OPN is involved in many metabolic pathways, as shown in Figure 6 and Table 10. Because of the correlation with platelets, we have narrowed our variables to those two, and we have selected several proteins that might be goals for further investigation. Some of the functional pathways—for example, those connected to infectious diseases, particularly leishmaniosis—were also noted in another study concerning risk loci for IgAN [39]. So far, no single biomarker is likely to be diagnostic of a single GN, but in our opinion, a panel might bring the sensitivity and specificity that have long been sought.

Figure 6

Proteins interacting with both osteopontin and platelets: BCAR1 = breast cancer anti-estrogen resistance protein 1; CDC42 = cell division control protein 42 homolog; IGF1 = insulin-like growth factor 1; PDGF = platelet-derived growth factor; RHOA = Ras’s homolog family member A; RAC1 = Ras-related C3 botulinum toxin substrate 1; SPP1 = signal peptide peptidase–osteopontin; VEGFA = vascular endothelial growth factor A. Assessed from the STRING-db database: https://string-db.org/ (accessed on 31 January 2022).

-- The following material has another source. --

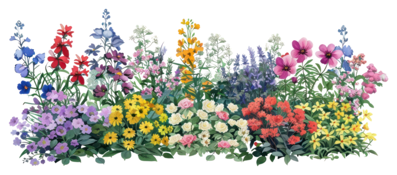 Lavender flowers blooming in a garden with transparent background
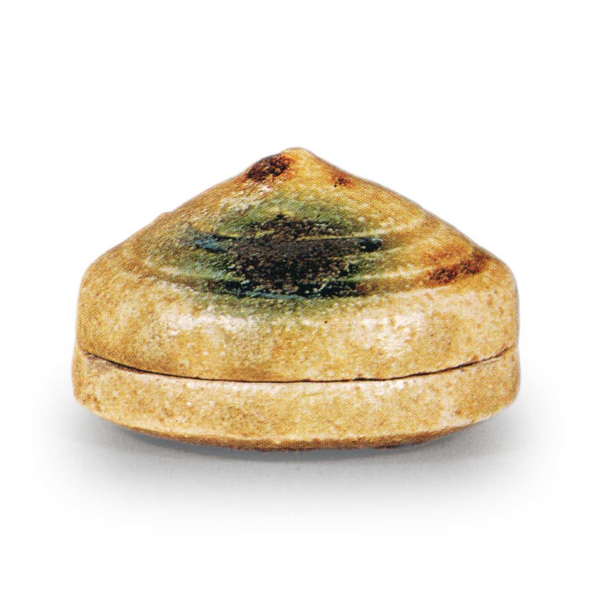 Among Japanese incense containers, this Kiseito Neuta incense container may be the oldest. The Chado Senkei records that one was once attributed to Rikyu’s collection. This likely refers to a kōgō of this type. Also called a “flat jewel,” its shape is considered auspicious. The yellow glaze displays vivid coloration, while the tanban glaze appears generously on the middle of the lid, creating a beauty beyond compare. It is probably one of the finest examples of this type of kōgō.

Our study has several limitations. First, each GN was represented by a small sample. As our patient database evolves, those numbers will increase. For now, this research can be considered a preliminary study aimed at creating more interest in the topic. Second, further studies should include more proteins/markers or even the whole serum/urinary proteome. Third, OPN levels are likely to be linked to a histologic process and not to a specific GN. Correlation between OPN and a proteomic tissue analysis would be a valuable contribution and should be included in prospective studies. However, the need for the protocol to obtain control biopsies in patients during remission might be problematic. We did not correlate the OPN levels with kidney biopsy results for a few reasons: (1) each of studied glomerulonephritis has their own and completely different classification; (2) so, from this point of view the group was highly heterogenic, and (3) some biopsies were performed and evaluated in other centers by other pathologists that could influence the results. We summarized the biopsies result in Supplement, Tables S2–S4. We have not correlated uOPN levels with serum OPN levels or other biochemical results because the significance of OPN in other diseases is yet to be determined, and such a correlation effort would have unnecessarily complicated the analysis. In many patients, we also did not have access to certain data concerning previous history such as medications taken before study inclusion. Therefore, we decided against including these data in the study.

5. Conclusions

Given a growing burden of CKD, biomarker identification and validation have become an emerging issue. In our opinion, OPN should be included in further studies as a potential biomarker in nephrology. Based on our results, we are sure that ML should become a standard in biomarker research. As a supplement to ML, proteome databases can help place results in the context of numerous biologic pathways, pointing toward proteins that could be the next step in nephrology biomarker research.